* EXERCISE *
Leaving pictures aside, restate exactly the lines of the data below, from the first one through the line that contains "Now, go back".

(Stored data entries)
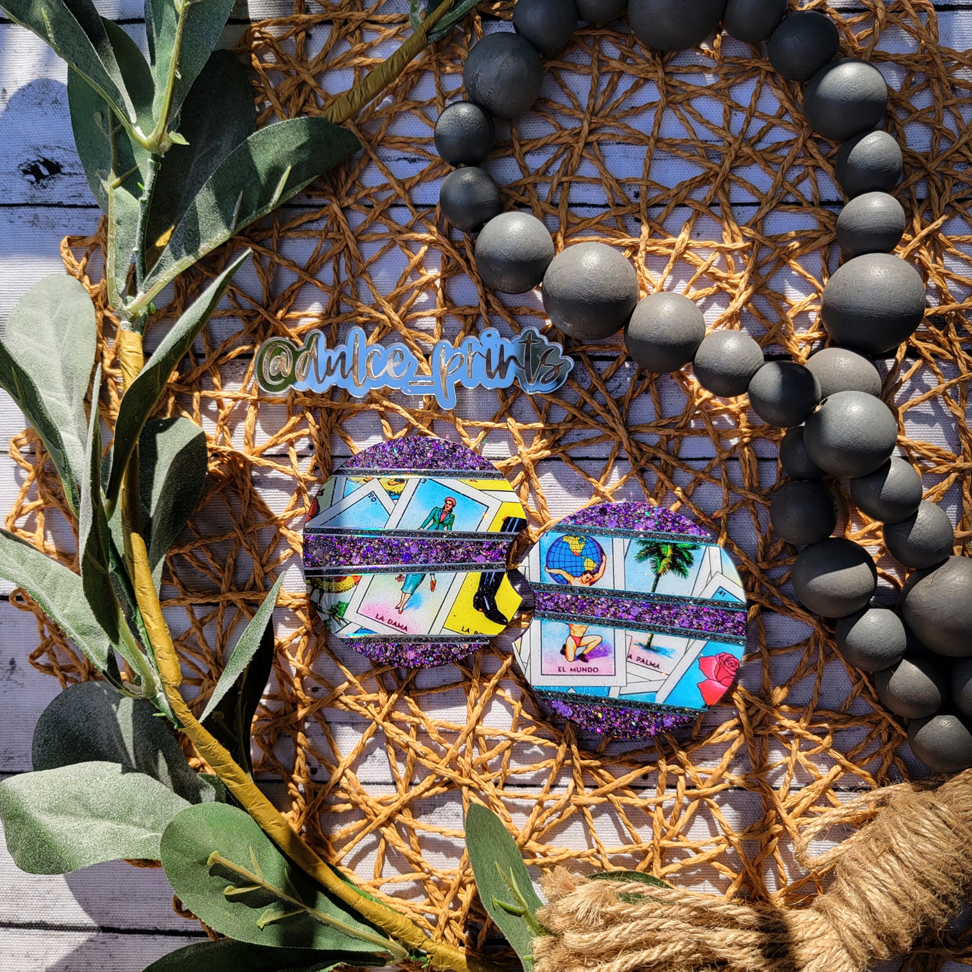 I seal my coasters with an epoxy resin that is FDA compliant food grade. Although these are pretty crack resistant, they are not UNBREAKABLE therefore, do not drop your car coaster. Hand wash only and do not soak. Not microwave or dishwasher safe. Do not leave in extreme heat or direct sunlight.
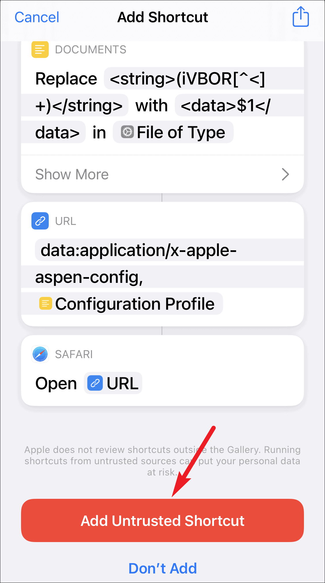 Now, go back to the link on your browser and tap the ‘Get Shortcut’ button. Now, it’ll open the ‘Add Shortcut’ page in the Shortcuts app. You can review the whole shortcut code on this page before you decide to add it. To add it, scroll to the very end and tap the ‘Add Untrusted Shortcut’ button.
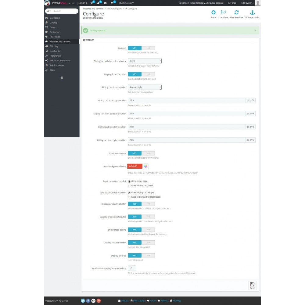 Block sliding cart module is a great added value for Prestashop websites to replace any kind of dropdown cart that causes issues on mobiles devices. Easy to install, works smoothly and fast. It has a lot of options in the back office to tweak the module. Also great support from module developer to add some extra features that were not present in PS 1.6 version. Thanks!
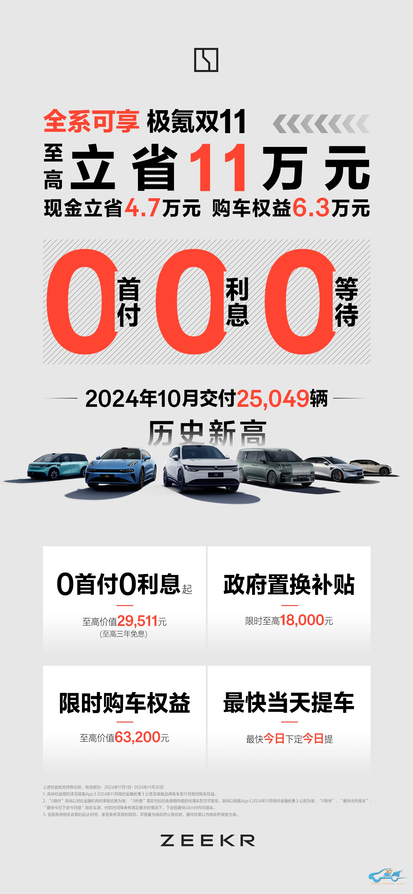 在交付量创造历史新高之际,包括2025款极氪X在内,极氪旗下全系车型推出全年第一次跨车型联合行动,旨在年底各地政府置换补贴进入倒计时的节点,以0首付0利息0等待的限时购车权益,及强大的交付体系,让消费者最快速地体验最好的纯电产品。其中,热门车型极氪001和极氪007均可享3年0利息,极氪7X、极氪009、极氪MIX以及极氪X车型则可享2年0利息,叠加各地政府置换补贴及其他限时购车权益,至高可省11万元。
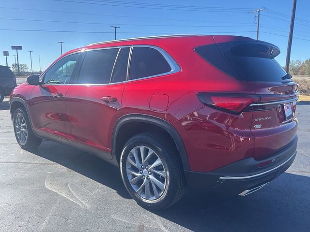 This 2026 Buick Enclave comes equipped with the following features Preferred Equipment Group 1SD, FWD, 12 Speakers, 3rd row seats: split-bench, 4-Wheel Disc Brakes, ABS brakes, Air Conditioning, Alloy wheels, AM/FM radio: SiriusXM with 360L, Apple CarPlay/Android Auto, Auto High-beam Headlights, Auto-dimming door mirrors, Auto-dimming Rear-View mirror, Automatic temperature control, Bose Premium 12-Speaker Audio System with Subwoofer, Brake assist, Bumpers: body-color, Compass, Delay-off headlights, Driver 4-Way Power Lumbar Seat Adjuster, Driver 8-Way Power Seat Adjuster, Driver door bin, Driver vanity mirror, Dual front impact airbags, Dual front side impact airbags, Electronic Stability Control, Emergency communication system: OnStar and Buick connected services capable, Four wheel independent suspension, Front anti-roll bar, Front Bucket Seats, Front Center Armrest, Front dual zone A/C, Front Passenger 4-Way Power Lumbar Seat Adjuster, Front Passenger 6-Way Power Seat Adjuster, Front reading lights, Fully automatic headlights, Heated door mirrors, Heated Driver and Front Passenger Seats, Heated front seats, Heated steering wheel, Illuminated entry, Leather steering wheel, Leatherette Seat Trim, Low tire pressure warning, Navigation System, Occupant sensing airbag, Outside temperature display, Overhead airbag, Overhead console, Panic alarm, Passenger door bin, Passenger vanity mirror, Power door mirrors, Power driver seat, Power Liftgate, Power passenger seat, Power steering, Power windows, Premium audio system: Buick Infotainment System, Radio data system, Radio: Infotainment Center, Rear air conditioning, Rear anti-roll bar, Rear reading lights, Rear side impact airbag, Rear window defroster, Rear window wiper, Remote keyless entry, Security system, SiriusXM with 360L Trial Subscription, Speed control, Speed-sensing steering, Spoiler, Steering wheel mounted audio controls, Tachometer, Telescoping steering wheel, Tilt steering wheel, Traction control, Trip computer, Turn signal indicator mirrors, Variably intermittent wipers, Voltmeter, Wheels: 20 Alloy with Medium Android Finish, Wireless Apple CarPlay, and Wireless Google Android Auto. FWD. 2026 Buick Enclave Cherry Red Preferred FWD 8-Speed Automatic 2.5L DOHC
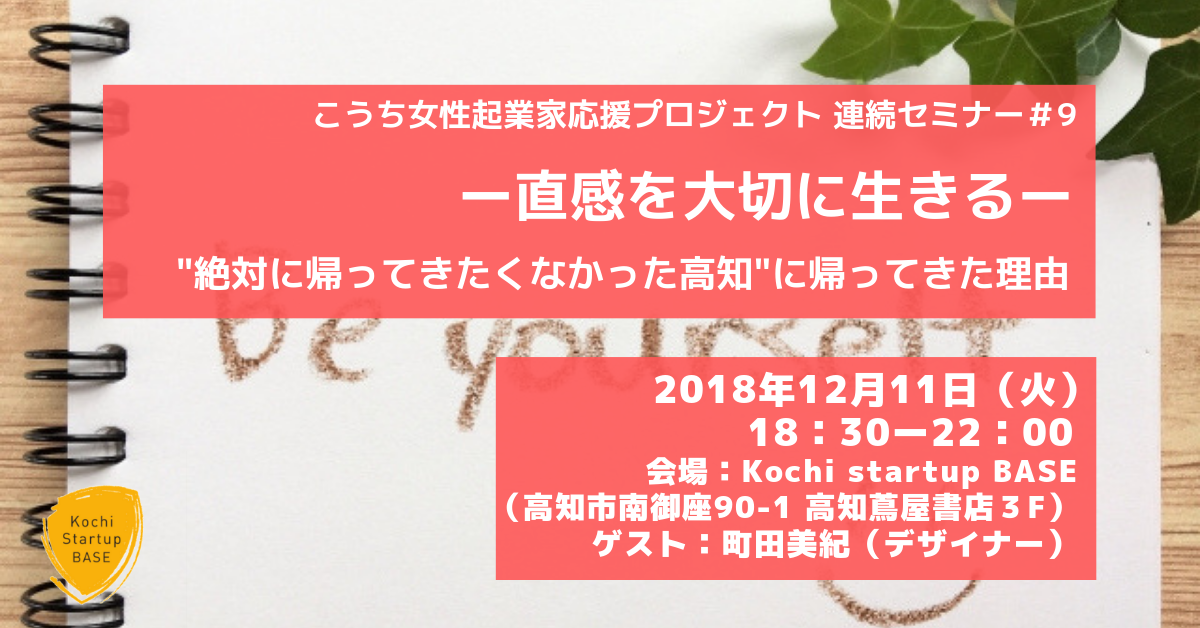 こうち女性起業家応援プロジェクト、第9回目となるセミナーでは、デザイン事務所や、商品の企画・発売・ワインバル運営といった様々な事業と、子育て・家庭を両立されている町田美紀さんをゲスト講師にお迎えします。
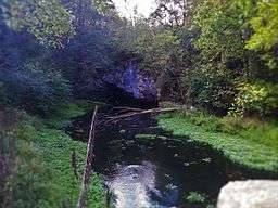 - "a rude arch of stone hanging over it, forms a passage for the water, which it throws out with some degree of violence, and in such plenty as to form a fine stream, which at length buries itself again in the bowels of the earth."
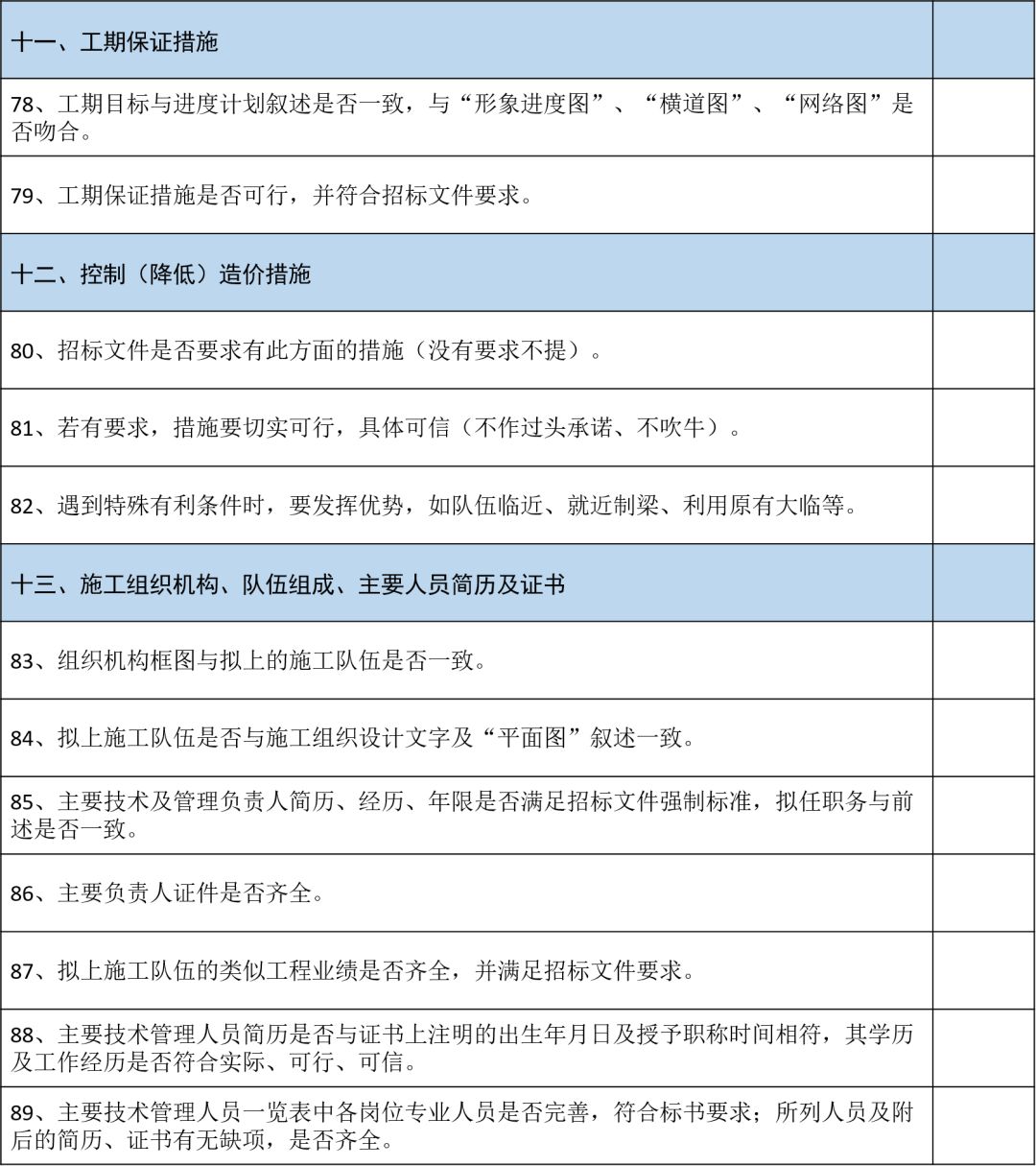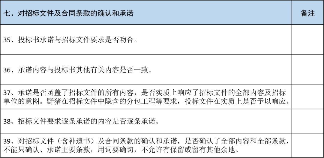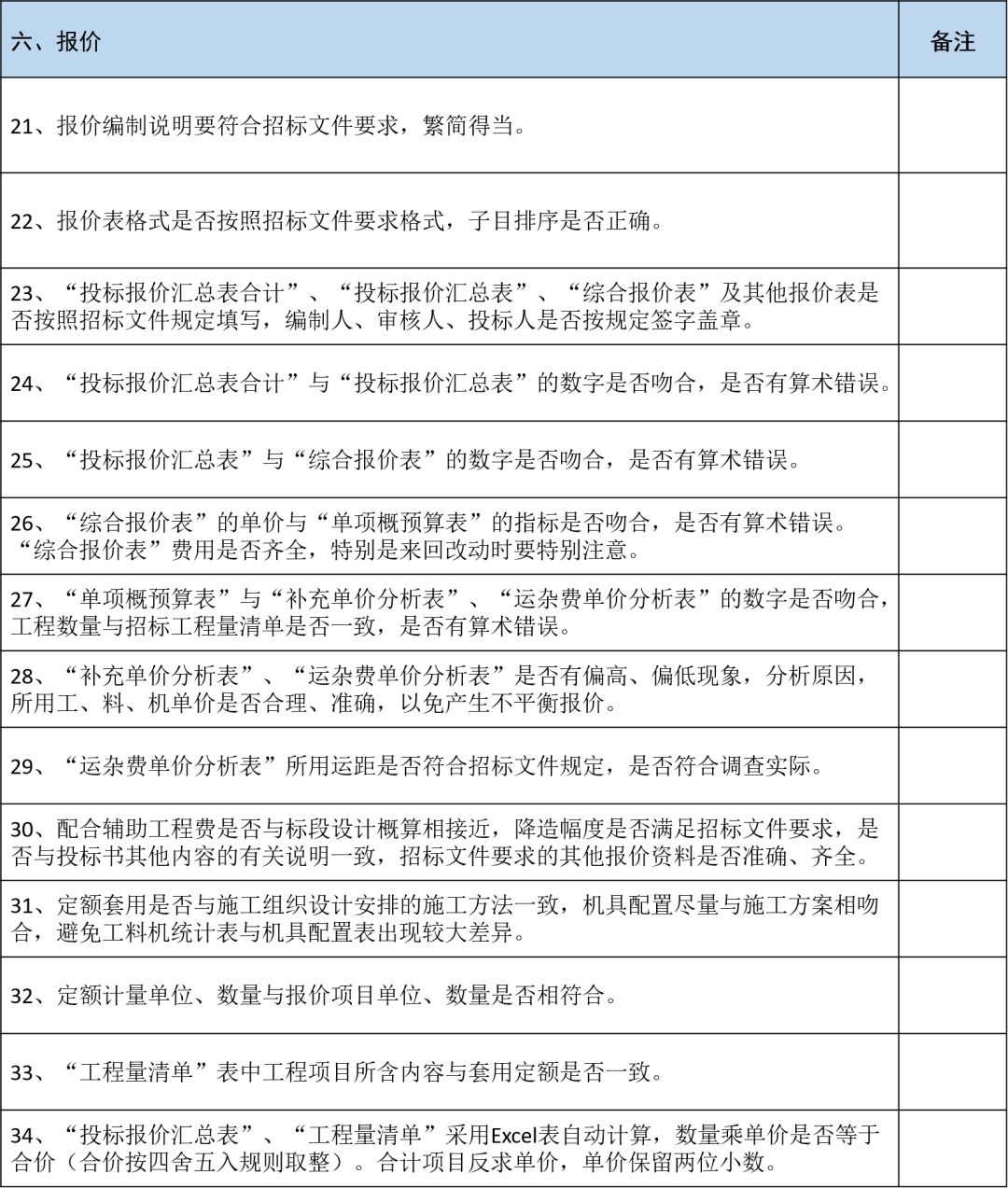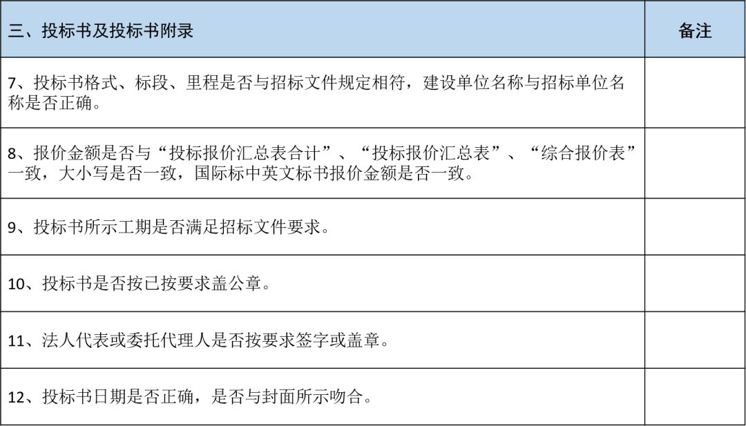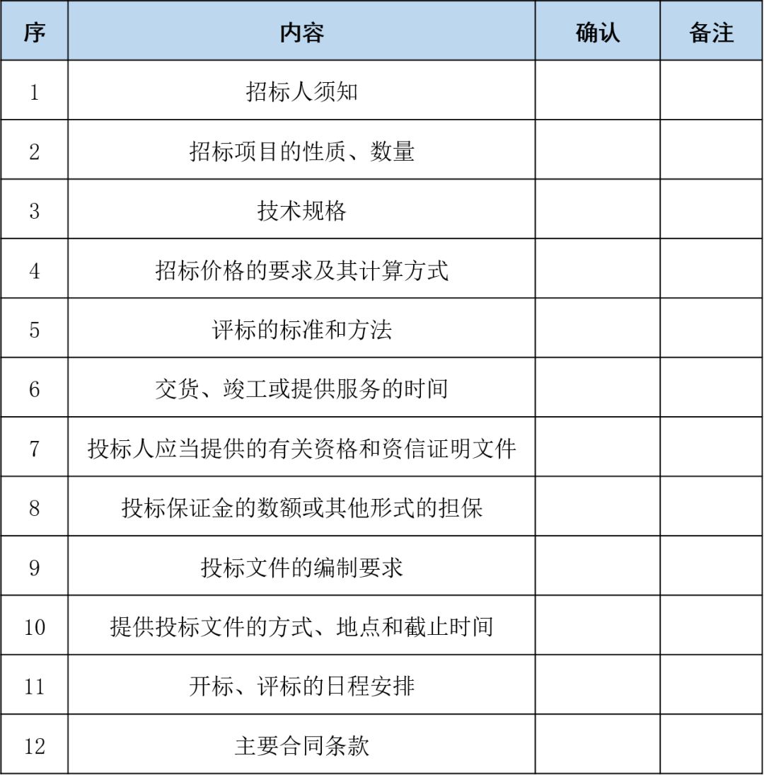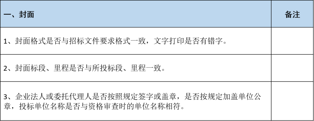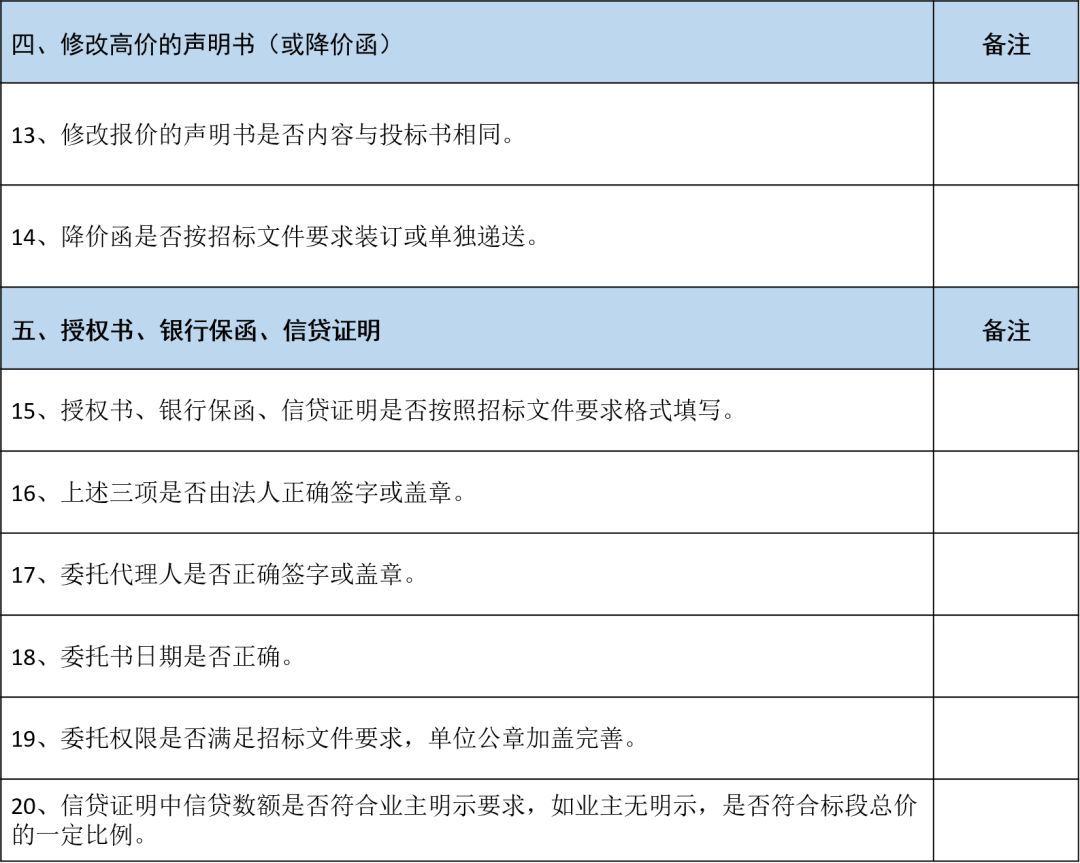 投标文件包含的内容很多,如果整理杂乱无章,文件整理不全,很可能让辛苦制作的标书成为废标。下表整理出检查投标文件的关键点,建议投标前对照下表进行核查。

* THE ANSWER *
 I seal my coasters with an epoxy resin that is FDA compliant food grade. Although these are pretty crack resistant, they are not UNBREAKABLE therefore, do not drop your car coaster. Hand wash only and do not soak. Not microwave or dishwasher safe. Do not leave in extreme heat or direct sunlight.
 Now, go back to the link on your browser and tap the ‘Get Shortcut’ button. Now, it’ll open the ‘Add Shortcut’ page in the Shortcuts app. You can review the whole shortcut code on this page before you decide to add it. To add it, scroll to the very end and tap the ‘Add Untrusted Shortcut’ button.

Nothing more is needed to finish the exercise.